Per chi è adatto Cellamare?
Cellamare è adatto a viaggiatori che cercano autenticità e ritmo lento, lontani dai circuiti turistici di massa. È una meta ideale per coppie e viaggiatori solitari interessati alla vita rurale pugliese e all'architettura storica minore. Le famiglie apprezzeranno la tranquillità del borgo e la semplicità degli spazi aperti. Gli appassionati di enogastronomia troveranno nella cucina locale e nella produzione olivicola un motivo di interesse. La vicinanza a Bari lo rende anche una tappa comoda per chi esplora il territorio barese.

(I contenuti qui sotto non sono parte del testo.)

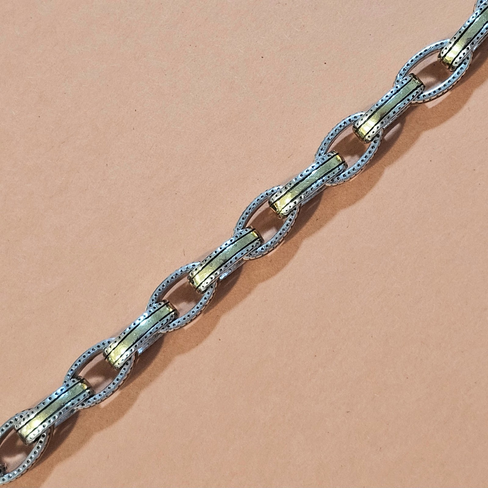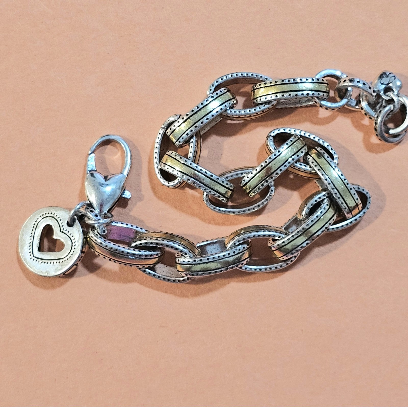 Condition & Extras This gently used bracelet is ready to wear or gift. It is not just any run-of-the-mill bracelet, but a polished, collectible piece. Description This is a two-tone silver-and-gold link bracelet by Brighton, featuring substantial oval links accented with a dotted edge detail for a refined, classic look. A heart-shaped charm pendant and lobster-claw clasp add subtle yet distinctive Brighton charm. The design sets it apart from basic bracelets... it feels substantial, elegant, and versatile enough for both day wear and dressed-up occasions. Dimensions The bracelet measures approximately 8 inches long making it perfect for most wrists. Why It’s Special This is more than a bracelet... it’s a statement. The mixed-metal look offers the flexibility to pair with silver or gold accessories. The heart charm gives it timeless appeal. And because it comes with the original Brighton dust bag, it’s ideal for gifting or gifting-to-self. About the Brand Brighton jewelry is known for thoughtful details and quality finishes that give each piece a signature style and longevity. Ready for a New Home If you’re looking for a bracelet that blends timeless style with everyday versatility and stands out as a top-tier Brighton piece, this is it. Grab it now before someone else does.
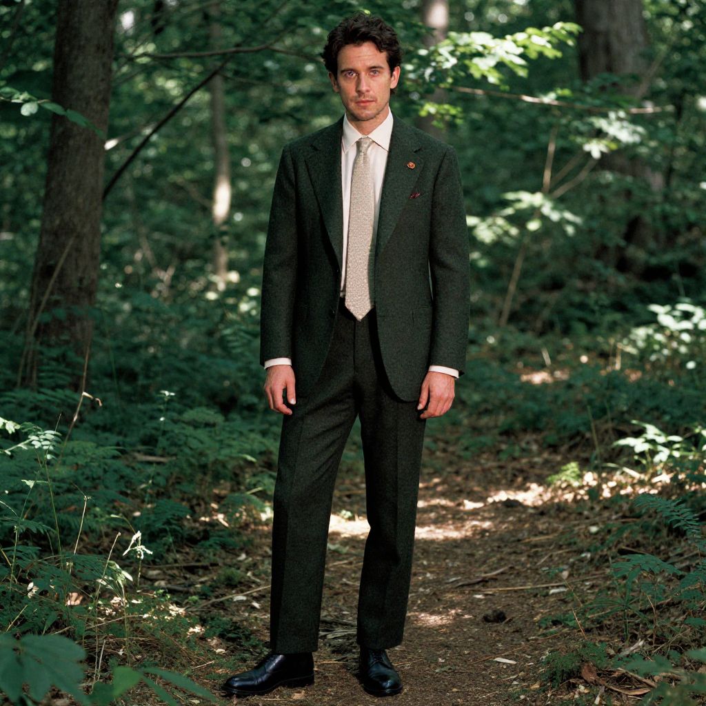 Confident Man in Forest Suit
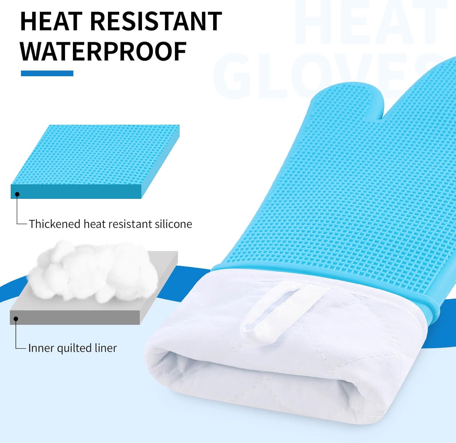 Heat Resitant Silicone: The soft silicone mitts are zero heat transfer no matter how hot the item, but can support heat resistant up to 500℉ to safely shield hands from the heat while handling hot pots, baking sheets, or the occasional grill.
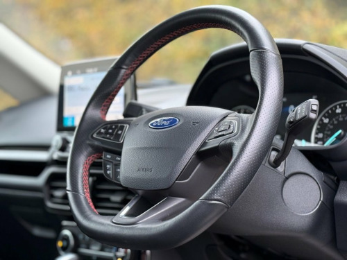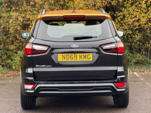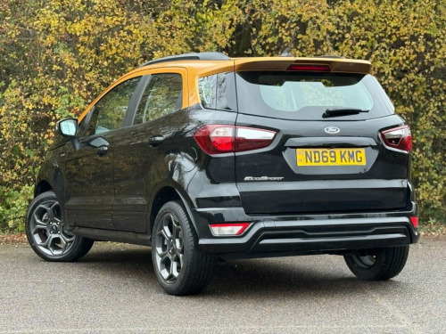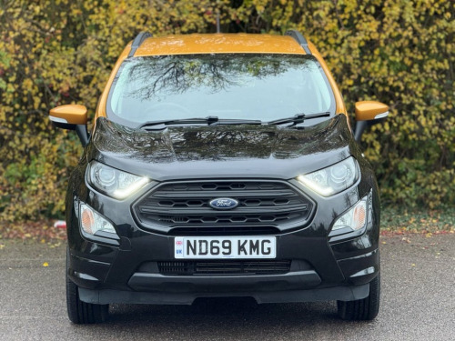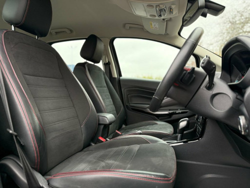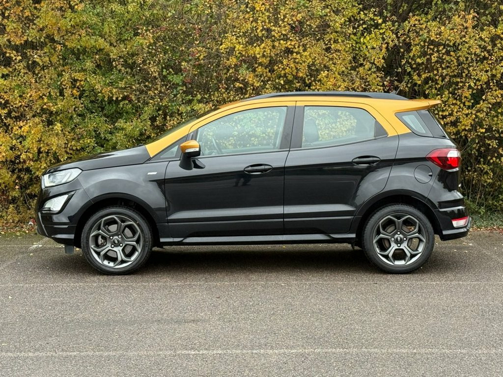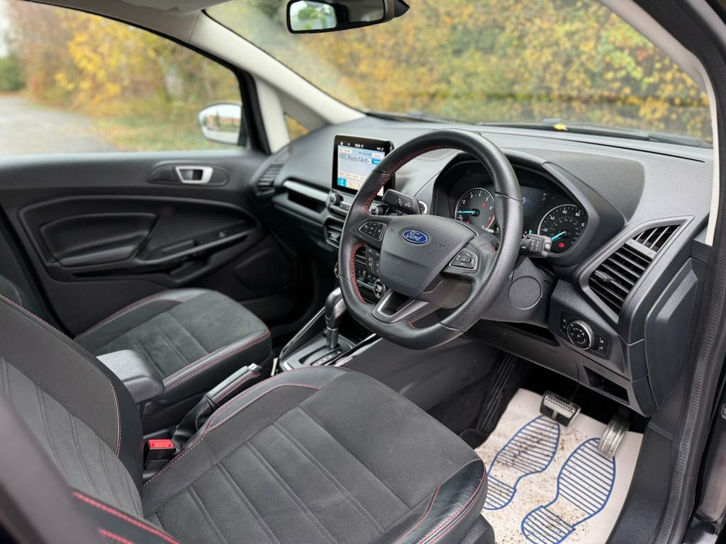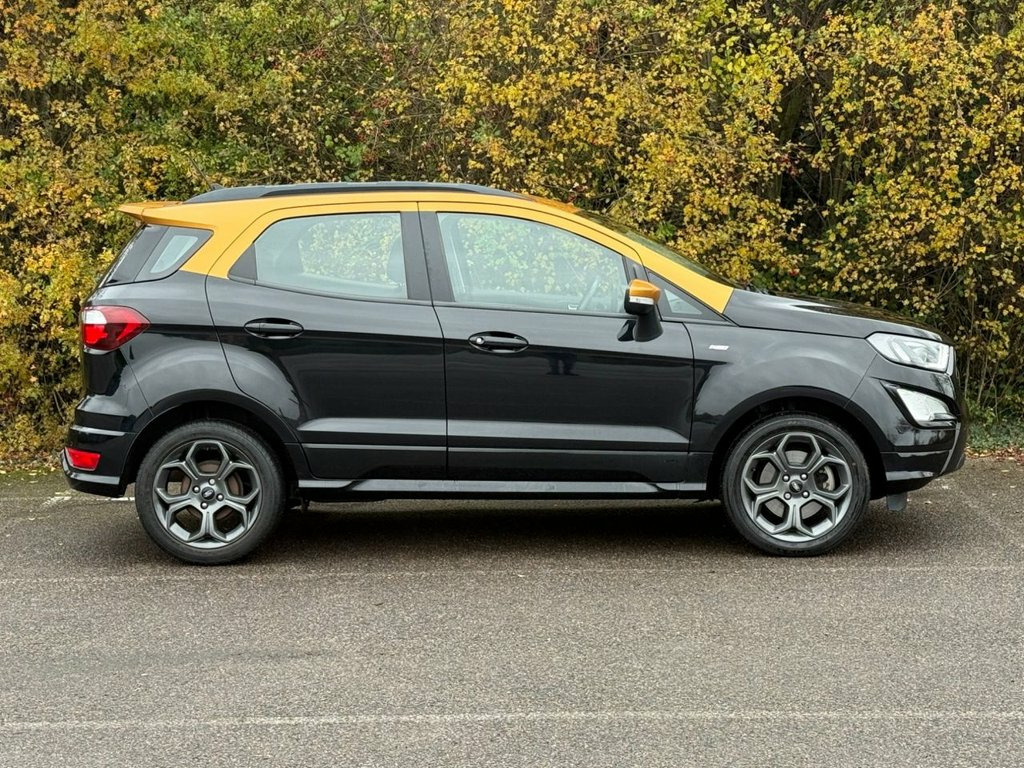 Here for sale at Leigh Cars Ltd we are delighted to present this lovely low mileage example of the extremely popular low mileage Ford Ecosport GPF 1.0 ST Line 5dr 125bhp petrol automatic SUV finished in agate black metallic paint with luxe yellow roof, and mirror caps, making this really stand out from the crowd, a fantastic colour combo! This wonderful example comes with a great service history - 4 services - last completed December 2025. The car also comes with a brand new advisory free MOT for your peace of - expiry December 2026. This particular example benefits from some great standard features including half leather alcantara interior, Ford SYNC 3 satellite navigation, Apple Car Play / Android Auto, rear parking sensors + rear camera, DAB radio, climate control with ice cold air conditioning, bluetooth for phone and music, cruise control + speed limiter, electric windows + mirrors, automatic lights + wipers, Ford quickclear windscreen, power fold mirrors, 17" alloy wheels, remote central locking, 2 keys + much much more. This would make an ideal family car with an abundance of space and practicality with a great sized boot! Road tax is only £195 per year and economy figures of 38.7mpg combined on average and is ULEZ charge exempt, which make this one a no brainer! This beautiful rare low mileage automatic example will not be with us long, book in your test drive today to avoid disappointment... As we are an AA accredited dealer you will receive 12 months c Miko Dinomica Fabric-Salerno Leather-Vin, Luxe Yellow Contrast Roof and Mirrors, Agate Black, 17in Alloy Wheels - 5 Spoke Dark Tarnish, Adjustable Boot Load Floor, Air Conditioning - Electronic Automatic , Airbags - Curtain, Airbags - Driver and Front Passenger, Airbags - Drivers Knee, Airbags - Front Passenger De-Activation , Alarm - Thatcham Category 1 with Volume , Ambient Lighting - Instrument Panel and , Analogue Instrument Cluster, Anti-Lock Braking System - ABS with Elec, Auto-Dimming Electrochromic Rear-View Mi, Automatic Headlights, Black Headlight Bezel, Black Roof Rails, Centre Console Cup Holder with Chrome Ac, Centre Console with Covered Bin and Slid, Child Locks, Courtesy Light

Cosa mangiare a Cellamare? Prodotti tipici e specialità locali
La cucina di Cellamare rispecchia la tradizione gastronomica dell'entroterra barese. Imperdibili le orecchiette con cime di rapa, i cavatelli con legumi o ragù, la focaccia barese con pomodorini e olive e il piatto povero di fave e cicorie. Il territorio è vocato alla produzione di olio extravergine d'oliva, tutelato dalla DOP Terra di Bari. Tra i prodotti da non perdere ci sono i taralli pugliesi e, nelle festività, le cartellate e i dolci di mandorla, tipici dell'intera tradizione dolciaria pugliese.